God knows, the scripters couldn’t have concocted anything intelligent for the character to do anyway, so it really doesn’t matter.

Back in outer space, Optimus Prime has reached Cybertron, and his creator: a robotic, tentacled, female-ish thingie strikingly similar to Alice Krige’s Borg Queen, in 1996’s Star Trek: First Contact. This Transformer version is equally nasty, because she zaps Optimus Prime and makes him evil.

Because ... well, just because. Because it gives Bay an excuse for even more gratuitous destruction, when the “bad” Optimus Prime faces off against the remaining Autobots, most notably Cade’s boon companion, the forever loyal Bumblebee (Erik Aadahl).

Optimus Prime thus travels to Earth to wreak havoc, closely followed by the Transformer Creator-Queen-thingie. She drags along the entire planet-size Cybertron, which — displaying a stunning ignorance of celestial physics — destroys Earth’s Moon before more or less colliding with our world, which somehow doesn’t knock us out of orbit, or wreck our atmosphere, or damage more than what is located at the actual contact point.
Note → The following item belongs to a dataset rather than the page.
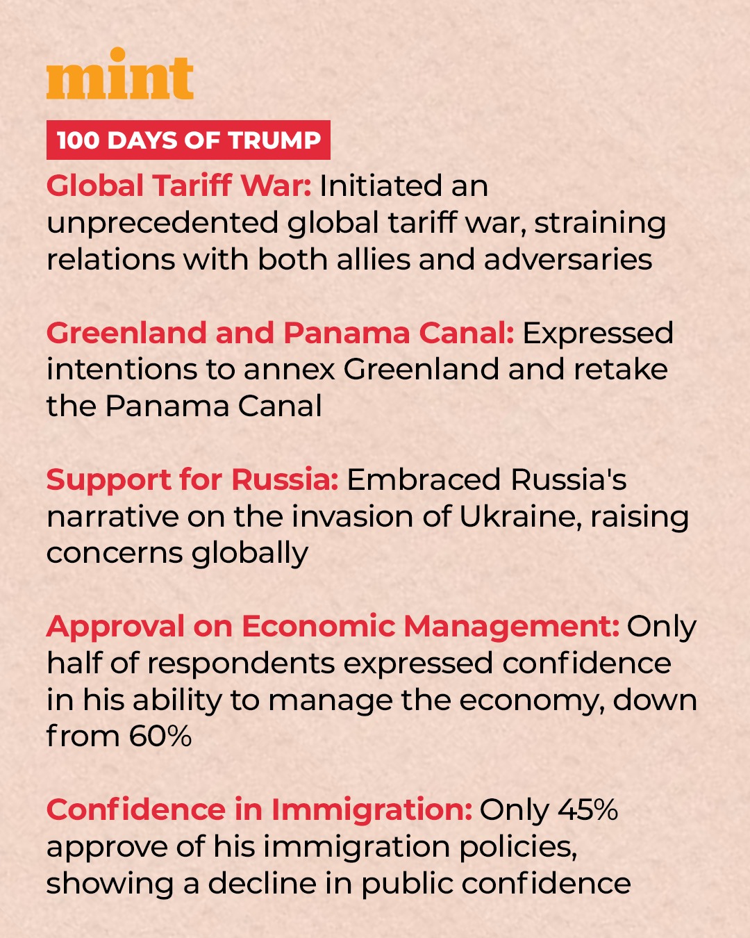 Dear reader, By the time you read this, Donald Trump would have completed 100 days as the US President. This is, of course, not his first stint in the big seat — but most certainly, this is the more remarkable one. In fact, Trump's 100 days as the most powerful person in the world might be more consequential than any other leader in recent history. When he took oath on 20 January, Trump had two clear focus areas: global trade and domestic deregulation. And he's overhauled all of it. | Image by Vikas Singh Bisht. | Instead of your regular edition of Top of the Morning , we're bringing you a special edition that revolves around Donald Trump's century in the White House. Strap in. He brought global leaders to their knees as the protector of the free economy by suddenly deciding to impose tariffs on every country (barring Russia!) After an initial threat, Trump decided to pause the imposition for 90 days, giving his counterparts exactly three months to acquiesce or bear the brunt. Much like most other countries, India too got into a huddle with the US to thrash out a trade deal. Jaishankar, India's external affairs minister, was present at Trump's inauguration as the POTUS. The Vice President, J.D. Vance, was in India just last week — although that trip was said to be more culturally significant, as opposed to diplomatic. | Domestically, Trump has killed "big government" by introducing DOGE, or the Department of Government Efficiency. Hundreds of thousands of layoffs ensued, followed by a cut in federal funding. If you were dependent on the US government for curing cancer or housing old folks, find an alternative source: Trump was cutting you off. Even big names like Harvard and Columbia Universities were not spared by Trump. Elon Musk is having a turbulent time as the head of DOGE, stemming from his experience in decimating Twitter's workforce. Musk continues to wield significant influence over Trump and his decision-making. PM Narendra Modi's official visit to the White House involved him playing with Musk's kids. While minimising the government's headcount, Trump also wants to maximise his country's resources. He has spoken often about annexing Greenland and Canada, often referring to the latter as the "51st state". | What's next? While the past is usually history, Trump's biggest achievement has probably been to play with time. His speeches, social media posts, and even executive orders seem extremely fluid. They are ready to be rolled out and taken back at a moment's notice. Trade deals will headline the next few months. As the 90-day deadline rolls closer, more countries will be eager to strike a deal with the US. Trump says he wants to "reorder global trade", but the US is already feeling uneasy about his threats. The next big item on the POTUS's agenda will be to end the Russia-Ukraine war. On multiple counts, Trump has shown that he is tired of this war and its global effects. He is likely to push the entirety of his foreign affairs' team to end the war, even if the terms look hasty. For now, Trump will kick off the near future with international trips. He is slated to visit Saudi Arabia, Qatar, and the UAE in May. Trips to the UK and Italy beckon later in the year. Perhaps a trip to India might be on the cards, too, but no official confirmation is provided yet. | Best, Shashwat Mohanty Editor, Newsletters and Audiences HT-Mint | Edited by Alokesh Bhattacharyya. Feel free to send any feedback by replying to this mail, or writing in to shashwat.mohanty@htdigital.in. | | | |

But that’s the third act. Most viewers will have abandoned trying to wrest logic from any of this, hours earlier.

Bay obviously adores his four most frequent directorial tics, and clearly expects us to admire them with equal sycophantic fawning:

A) The aforementioned extreme close-ups;

B) Extended sequences of Transformers pounding each other, metal bits spraying in all directions, with trees, buildings and people galore pulverized, often in slow motion;

C) Our stars sliding, dangerously fast, down the sides of tall buildings, or upended landscapes, or chunks of Cybertron (once the good guys “invade” it); and

D) Montages of Transformers doing what they do best: jumping into the air, flipping about and morphing into trucks and muscle cars, which then roar down the highway. Particularly the roaring down the highway part. One assumes that Bay never matured out of the little boy who wanted to tinker with his daddy’s vintage Mustang.

Indeed, you could build the entire film from a specific sequence of these four items ... and that’s precisely what Bay has done. To wit:

Decepticons roar into the frame; insert A) nervous close-up. Then B) Decepticons and Autobots beat the crap out of each other. Cade, Vivian and/or others always seem to be standing on top of something tall that gets destroyed, whereupon C) they slip and slide, full-tilt, toward Certain Death below, only to be rescued, at the last possible second, by some Autobot. At which point, our human protagonists are scooped up by the Autobots, which D) morph into their vehicular selves, and speed down the road to safety.

If one or more Autobots has been hurt or destroyed during the skirmish, add A) tearful close-up.

Lather, rinse, repeat. Again. And again. Andagainandagainandagain.

I want my 149 minutes back. Better still, I want Michael Bay locked up, his director’s staff pried from his incompetent, hack fingers, and a monitoring bracelet locked onto one wrist, to prevent him from ever helming another film.

Because he is, by far, Hollywood’s worst offender when it comes to transforming film’s artistic potential into deplorable, infantile garbage.